I’d been hearing rumblings about a new book, The Cult of the Amateur by Andrew Keen, for a while now — its apparently a screed against the Internet for allowing amateur purveyors of information, opinion, and art to swamp the traditional, expert, professional providers of such things. I have not read the book, and am certainly curious to see what he manages to marshal by way of evidence or persuasive argument, as I am most certainly already skeptical of his central premise. But Lawrence Lessig, who apparently was privy to an early copy, has already sharply and beautifully taken Keen and his book to task. No surprise, Lessig disagrees with Keen’s argument, and no surprise, Lessig shows up in Keen’s book as a champion of the amateurish Internet. But Lessig performs a surgical smackdown, noting not only Keen’s mischaracterization of Lessig’s position, but a series of fundamental and painfully obvious errors and overstatements that, he notes, are endemic to the book.
Lessig goes so far as to winkingly suggest that, in fact, Keen is defending the amateur, by demonstrating that the old model — major publisher anoints expert author to say authoritative things to mass audience — can produce just as much crap as the Internet does.
Well, Keen, you wanted a return to the authority of experts. You got one.
Lessig is bringing up sideways a point I like to tackle head-on in my classes. I find the most interesting aspect of these phenomena (be it Wikipedia or blogging or YouTube or Amazon recommendations) is the way that they force is to recognize that the established mechanisms and institutions of information and culture (be it Encyclopedia Brittannica or The Wall Street Journal or NBC or Consumer Reports) are themselves socially produced, historically contingent, institutionally bound, and systematically imperfect systems.
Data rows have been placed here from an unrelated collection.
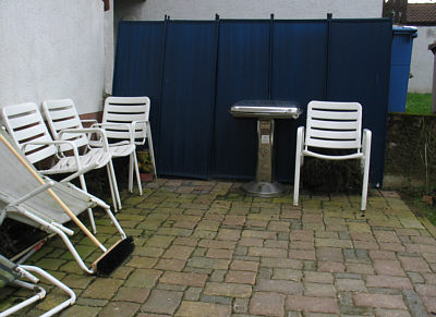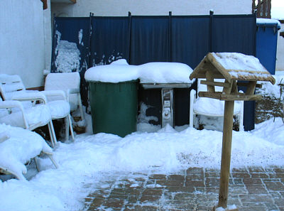 Plastikstühle, Regentonne, Grill, Vogelhäuschen, Schnee
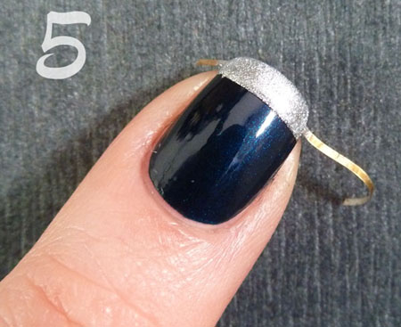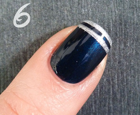Совет: делайте не сразу все ногти одной руки, а каждый ноготь по отдельности, чтобы скотч и серебряный лак не сильно присыхал, тогда полоса будет идеально ровной.
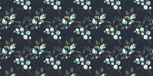 Donkerblauw behang patroon met groene bladeren. Tussen de bladeren zitten mooie gouden accenten.

They too have an implicit, built-in philosophy of where knowledge and culture come from and how one knows to trust or appreciate it, they too are structurally better at getting at some things and worse at others, they too can be mishandled or exploited. This is not to say that we should adopt a relativist position, that any way of producing information is okey-dokey. We can have a discussion about specific kinds of resources are best served by particular arrangements, some of which may benefit from wider, amateur participation, others benefiting from more bound, trained communities. But it obligates us to give up this kind of comfortable certainty we enjoy about those traditional forms, the social authority they have built up over time that cloaks their imperfections. And just as much as the Internet and its applications may be highlighting this, the traditional institutions of knowledge are doing a fine job revealing their own weaknesses all by themselves — from the failure of the political press to challenge the run up to war in Iraq, to the diminishing cultural relevance of major label music, to the crushing consolidation of corporate radio , etc etc.